# Forum Home Renovation Roofing  Anyone in Perth changed roof from tile to Colorbond?

## Geoff2005

I am thinking of changing the concrete tiles on my roof rather then a clean and paint so was looking for recommendations of any Contractors people have used and were happy with, (or not as the case maybe) 
Geoff

----------


## sherlock

Hi Geoff,
Looks like we are looking for the same thing. I want to Colourbond my roof too.
I have a 3X1 house in the northern suburbs and I want to add an extension. The roof is OK at the moment, but I'm afraid when I've had the extension done the colour won't match and a little time down the track I'll have to get it done anyway!! 
What do you have? 
I did a search on the forum and found a link from a member that had the Roof and Wall Doctor do some work for them a while ago. They said there price was cheaper than some of the others they got. Their link is: Home 
Also, I have just emailed Roofix for a ballpark price.
Will post the price when I get it. If it sounds good, I'll get them to do a quote. Their link is: Roofix#  
Let us know how you do. 
sherlock

----------


## Stan 101

Just note that changing from a tile roof to a sheet roof will require the trusses and top plate tie down to be increased. Especially check girders. I'd personally check the engineering of the girders and main trusses themselves and all truss connection boots.

----------


## Geoff2005

> Hi Geoff,
> Looks like we are looking for the same thing. I want to Colourbond my roof too.
> I have a 3X1 house in the northern suburbs and I want to add an extension. The roof is OK at the moment, but I'm afraid when I've had the extension done the colour won't match and a little time down the track I'll have to get it done anyway!! 
> What do you have? 
> I did a search on the forum and found a link from a member that had the Roof and Wall Doctor do some work for them a while ago. They said there price was cheaper than some of the others they got. Their link is: Home 
> Also, I have just emailed Roofix for a ballpark price.
> Will post the price when I get it. If it sounds good, I'll get them to do a quote. Their link is: Roofix#  
> Let us know how you do. 
> sherlock

  Yep any collaboration will help. 
One of my main drivers is to improve the insulation/reduce heating and cooling needs which there is some discussion here http://www.renovateforum.com/f193/an...36/index2.html 
I see price as only one part of the decision, the other equally or more important is you will end up with good job, within the agreed time and budget. (so any references good here). 
Geoff

----------


## Geoff2005

> Just note that changing from a tile roof to a sheet roof will require the trusses and top plate tie down to be increased. Especially check girders. I'd personally check the engineering of the girders and main trusses themselves and all truss connection boots.

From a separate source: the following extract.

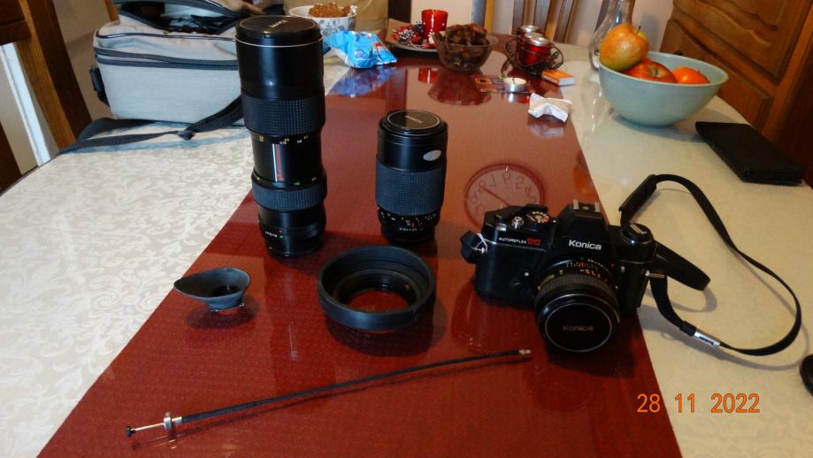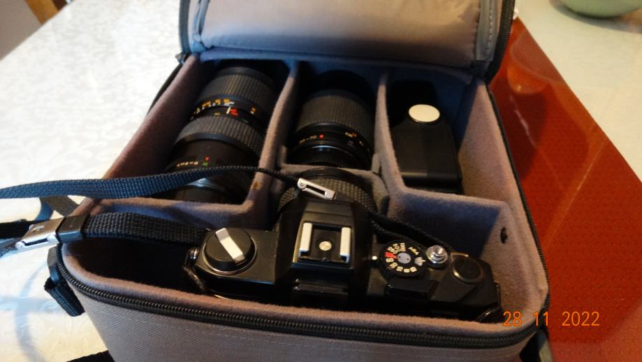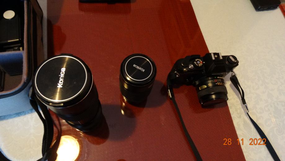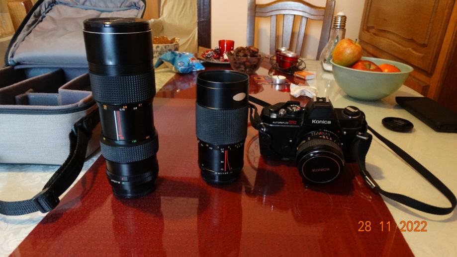 KONICA AUTOREFLEX TC,OBJEKTIV HEXANON AR 50mm F1,4,ZOOM HEXANON AR 35-70 mm F3,5 I ZOOM UC HEXANON AR 80-200 mm F4 55 fi.SJENILA ZA OBJEKTIVE I ZA TRAŽILO.POTPUNO ISPRAVNO,NEOŠTEĆENO I PRIPADAJUĆA TORBICA ZA NOŠENJE.

  On this front I have acertained from the local council that any planned change of this nature would need building approval, I anticipate that process would check the correct boxes ( I could be wrong here but will ask contarctors what process they would use in doing the job, if they don't mention assessement/approval I guess we wont get to the next round. 
I would expect as a dead load the structure for tile roof would be overkill for Colorbond but that reduction in mass, reduction in airflow paths will increase "lift" in high winds and the structure may pull apart. I can't personally check it though (as I did structures 101 and 102 a long time ago and havent applied the knowledge) so might need to rely on outside expertise

----------


## Pezz

Did either of you go ahead with this? Im looking to do the same thing and trying to find recommendations on which company to use and or avoid. 
Pezz.

----------


## avagom8

Hi Everyone Your best bet would be to speak with a building surveyor in your shire.Explain to them in detail what you are proposing and they will point you in the right directions.Contractors  when contracted to take on these sorts of jobs must comply with certain standards which can be obtained from Standards Australia.They would need to remove existing battens insulation etc.QA good idea is to ring the salvage yards and ask them how much they will pay per tile.Certain second hand tiles are worth quite alot.I thouroughly recommend using Insulbreak Insulation thats stuff seriously works.all the best

----------